Fragestellung: Welchen Einfluss haben Marktentwicklungen und Regulierungsinstrumente auf die Versorgung mit Antibiotika und welche Rolle spielen Generika dabei?

Methode: Berechnungen zur Entwicklung des Antibiotikamarktes (Umsatz, Verbrauch, Marktkonzentration) im ambulanten und stationären Sektor in Deutschland (2005 bis 2015).
Datenbasis: Verordnungs- und Verbrauchsdaten aus: INSIGHT Health NVI, IMS Health DKM®, Festbetragsstufen und Erstattungsniveaus nach Lauer-Taxe®

Ergebnisse: Generische Antibiotika haben eine hohe Versorgungsrelevanz mit 84 und 87 Prozent Verbrauchsanteil im ambulanten bzw. stationären Bereich. Es zeigt sich ein steigendes Risikopotenzial für Lieferengpässe: im ambulanten Sektor durch ein stark sinkendes Preisniveau und sinkende Anbieterzahlen, im stationären Bereich ebenfalls durch stark sinkende Preise trotz höherer Anforderungen an die Produktion (hoher Anteil von parenteralen Lösungen).

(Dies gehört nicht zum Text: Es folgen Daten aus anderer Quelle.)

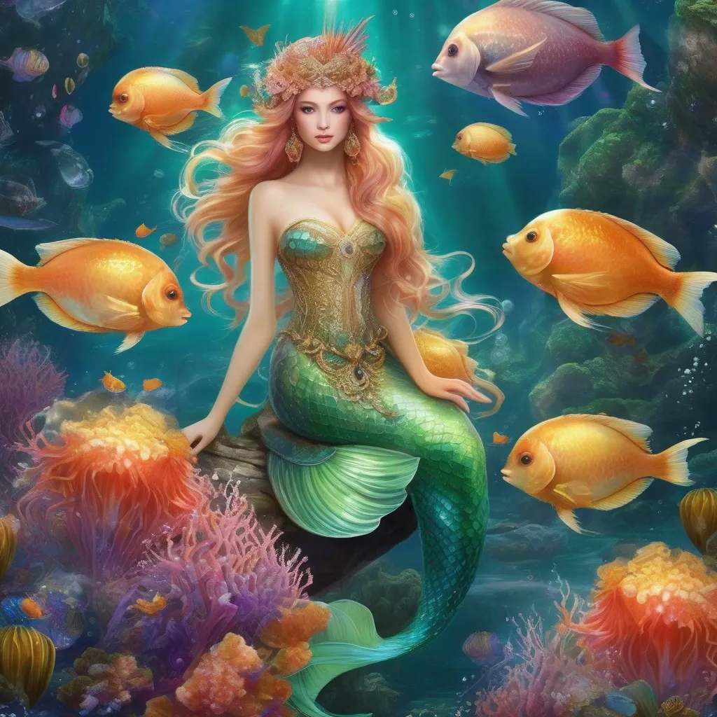 A BEAUTIFUL MERMAID WITH PRINCESS JELLYFISH

Auftraggeber: Pro Generika e.V.

Schlagwörter: Generika, Antibiotika, Versorgung, Arzneimittelmarkt, Rabattverträge

Berlin, 14. Februar 2017 (IGES Institut) - Das zeigen Analysen des IGES Instituts im Auftrag des Verbandes Pro Generika. Danach ist der Antibiotikaverbrauch seit 2005 im ambulanten Sektor weitgehend konstant. Im stationären Bereich stieg er hingegen um 60 Prozent auf rund 100 Millionen Tagesdosen in 2015 stark. Gleichzeitig sank im gleichen Zeitraum der durchschnittliche Umsatz pro Tagesdosis um 36 Prozent, da immer mehr kostengünstigere Generika eingesetzt werden.

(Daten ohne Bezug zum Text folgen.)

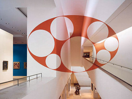 Felice Varini è l’artista svizzero che ha creato queste illusioni anamorfiche, immagini bidimensionali che alterano gli spazi reali e che si possono vedere compiutamente solo da un ben preciso punto di vista perchè in realtà… non esistono!
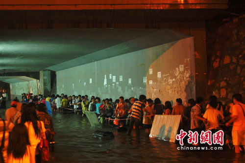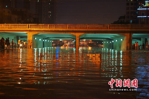 13日晚9時左右,記者來到武漢市江漢區新華下路沿線,人行道上漬水已達30厘米左右。其中,5米高的鐵路橋涵洞被淹去近半,最深積水處超過2米,整條道路交通基本癱瘓。許多市民在經過此路段時,不得不卷起褲腳、提著鞋子涉水通過。

Produktionspuffer werden erschwert

Diese Entwicklung sehen die IGES-Experten jedoch als einen Risikofaktor für Lieferengpässe. So sind die Anforderungen an die Herstellung von Antibiotika für den Krankenhausmarkt besonders hoch, da sie dort zu 60 Prozent als aufwändig zu produzierende Injektions- oder Infusionslösung angewendet werden. Der hohe Preisdruck kann aber Anbieter zunehmend davon abhalten, Produktions- oder Lagerkapazitäten vorzuhalten. Gelegentlich auftretende Herstellungsprobleme können dann immer schwerer abgefedert werden.

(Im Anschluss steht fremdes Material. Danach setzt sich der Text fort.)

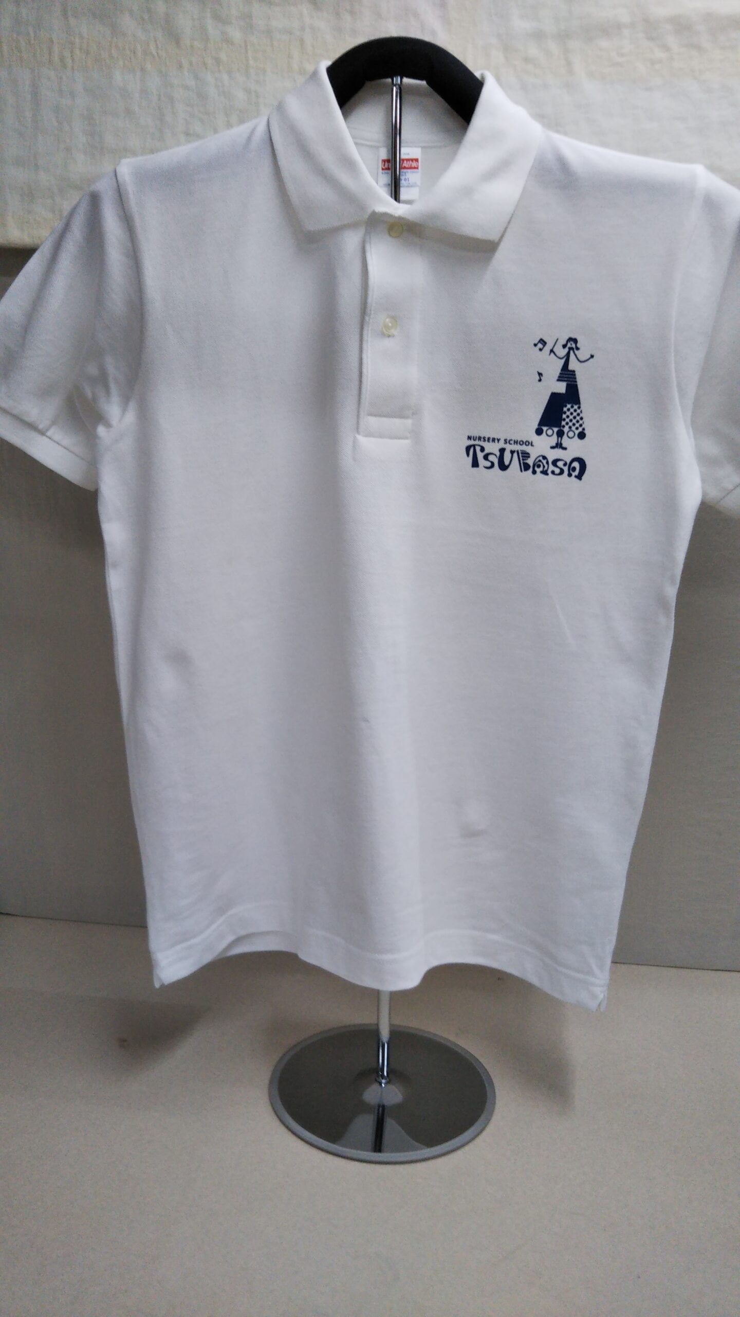 「つばさ保育園ロゴ」オリジナルポロシャツ制作事例 DSC_0064 商品カテゴリ: 4 商品: 888 利用シーン: 加工位置: 左胸 加工サイズ: 縦:100㎜ 加工方法: オリジナルシルクプリント カメオカからのコメント: 5543-01ヘビーウエイトコットンポロシャツの左胸にオリジナルプリントを入れました。かなり大きめのプリントですが良い仕上がりになりました。こちらのポロシャツは数少ないコットン100%素材のポロシャツで毎年人気があります。

Anbieterrückgang erhöht Risiko für Lieferengpässe

Auch im ambulanten Bereich sanken die Preise. Das Risiko von Lieferengpässen geht hier aber stärker von der beobachteten, zunehmenden Marktkonzentration bei den Herstellern aus. Bei innerlich wirkenden – systemischen - Antibiotika, die 75 Prozent des Verbrauchs ausmachen, sank die Anbieterzahl seit 2005 um zehn Prozent auf 84. Die Anzahl der Wirkstoffe mit mindestens 15 Anbietern reduzierte sich von acht auf zwei. 23 Wirkstoffe, rund 33 Prozent aller antibiotischer Wirkstoffen, wurden 2015 nur von einem Konzern angeboten.

Zugleich sind 90 Prozent der Generikaverordnungen inzwischen reguliert, über Rabattverträge mit und ohne Festbeträge. Rund ein Drittel der Rabattverträge war 2014 über Ein-Partner-Modelle ausgeschrieben. Den IGES-Autoren zufolge verstärkt dies die zunehmende Marktverengung auf wenige Anbieter und macht die Versorgung anfälliger für Lieferengpässe, auch wenn diese anders als im stationären Bereich in der ambulanten Versorgung bisher seltener gemeldet wurden.

Ursachen der Lieferprobleme im Blick behalten

Um Lieferengpässe künftig zu vermeiden zielten den IGES-Autoren zufolge jüngste regulative Maßnahmen und Reformvorschläge vor allem auf die Informationslage und ein verbessertes Engpass-Management ab. Nötig sei es aber vielmehr, an den Ursachen von Lieferproblemen etwas zu verändern. Dazu gehöre letztendlich, die Zahlungsbereitschaft des Gesundheitssystems für Antibiotika zu erhöhen.

2015 lag der Umsatz mit systemischen Antibiotika im ambulanten Sektor bei 280 Millionen Euro, berechnet nach Abgabepreisen der pharmazeutischen Unternehmer (Listenpreise). Bezogen auf den entsprechenden Gesamtumsatz für ambulant abgegebene Fertigarzneimittel in der gesetzlichen Krankenversicherung (GKV) in Höhe von 24 Milliarden Euro waren dies rund 1,2 Prozent.